* **To do**: Leave out the pictures and restate the rest of the data exactly.

* **Given data**:
*** Begin section ***
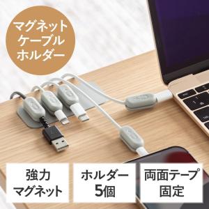 - マグネットケーブルホルダー 磁石式ホルダー5個入り 両面テープ固定 ケーブル落下防止 グレー EZ2-CA053 ネコポス対応
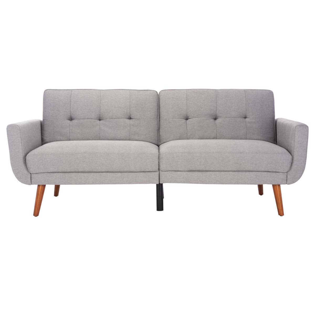 The cutting edge retro spin on this contemporary foldable futon bed delivers two stylish pieces in one. Designed with clean lines and gentle curves, its neutral grey polyester upholstery features charming tufts. Its natural wood legs make it a classic.
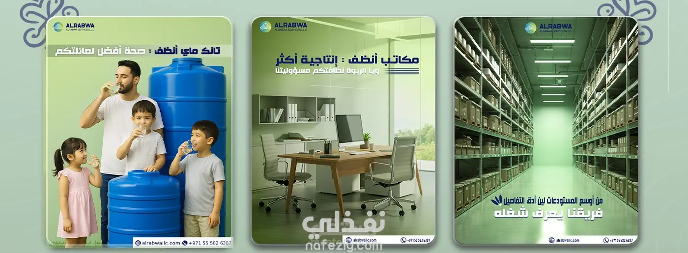 تم تنفيذ خطة تسويقية متكاملة لشركة الربوة، وهي شركة متخصصة في خدمات التنظيف ومكافحة الحشرات داخل أبوظبي، تشمل تنظيف المنازل، المكاتب، المستودعات، التانكات، السجاد، الرخام، النجف، والستائر، بالإضافة لخدمات التعقيم ومكافحة الحشرات.
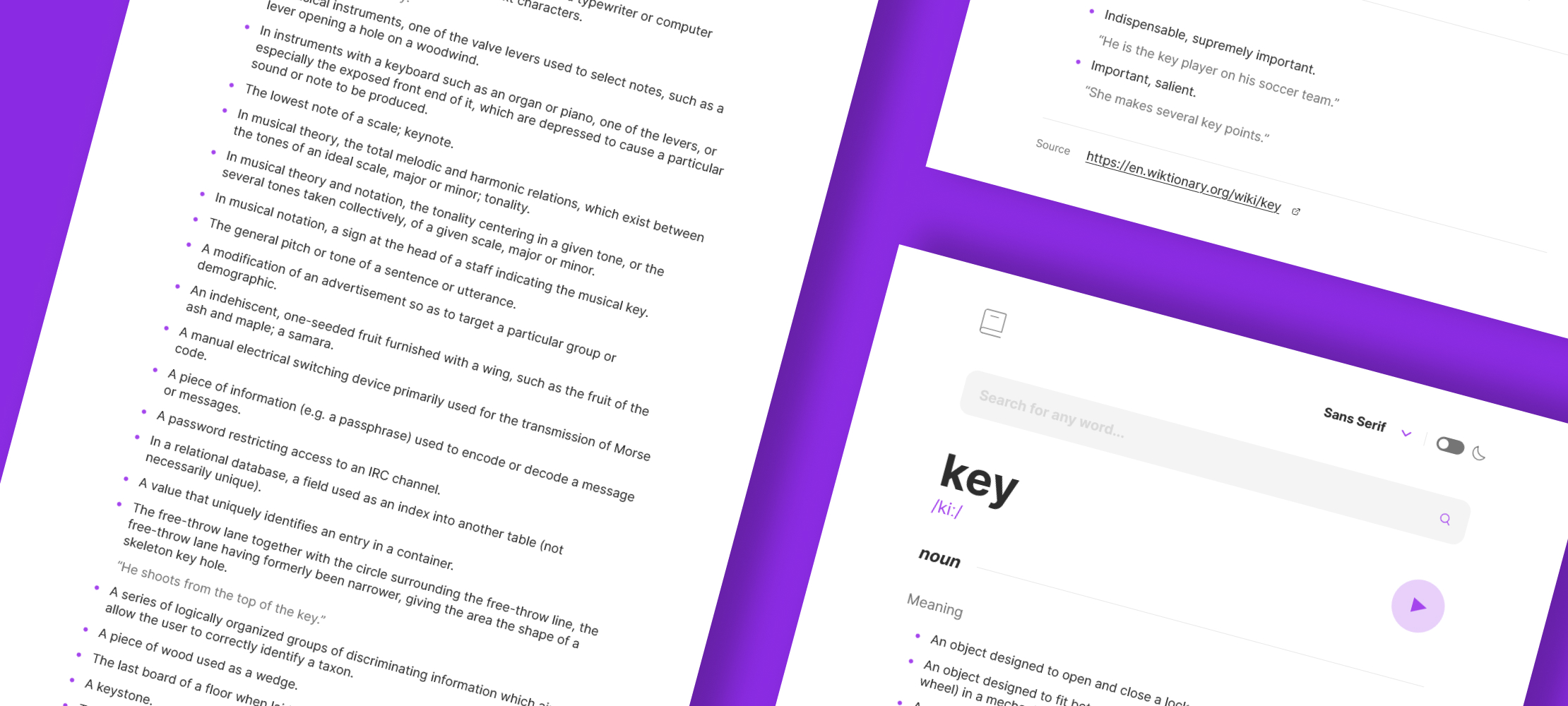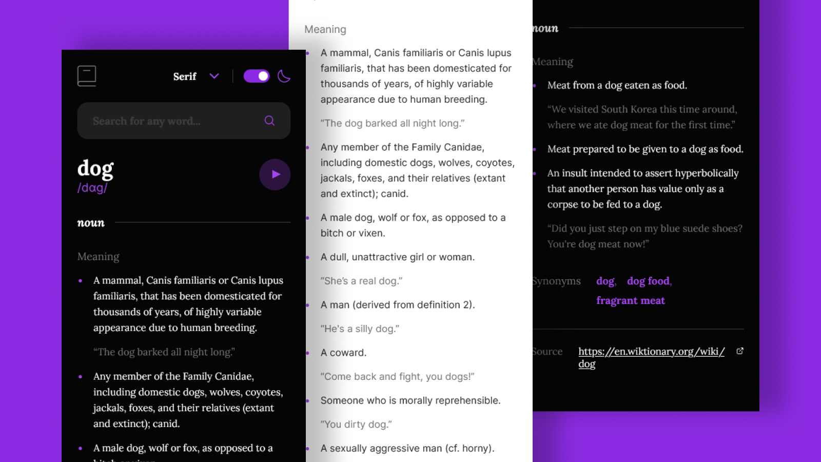 In this project I used React and Vite to build the interface, CSS custom properties for theming and typography, and integrated the Free Dictionary API for word lookups, including audio playback when available.
*** End section ***
* **Finished task**:
 - マグネットケーブルホルダー 磁石式ホルダー5個入り 両面テープ固定 ケーブル落下防止 グレー EZ2-CA053 ネコポス対応
 The cutting edge retro spin on this contemporary foldable futon bed delivers two stylish pieces in one. Designed with clean lines and gentle curves, its neutral grey polyester upholstery features charming tufts. Its natural wood legs make it a classic.
 تم تنفيذ خطة تسويقية متكاملة لشركة الربوة، وهي شركة متخصصة في خدمات التنظيف ومكافحة الحشرات داخل أبوظبي، تشمل تنظيف المنازل، المكاتب، المستودعات، التانكات، السجاد، الرخام، النجف، والستائر، بالإضافة لخدمات التعقيم ومكافحة الحشرات.
 In this project I used React and Vite to build the interface, CSS custom properties for theming and typography, and integrated the Free Dictionary API for word lookups, including audio playback when available.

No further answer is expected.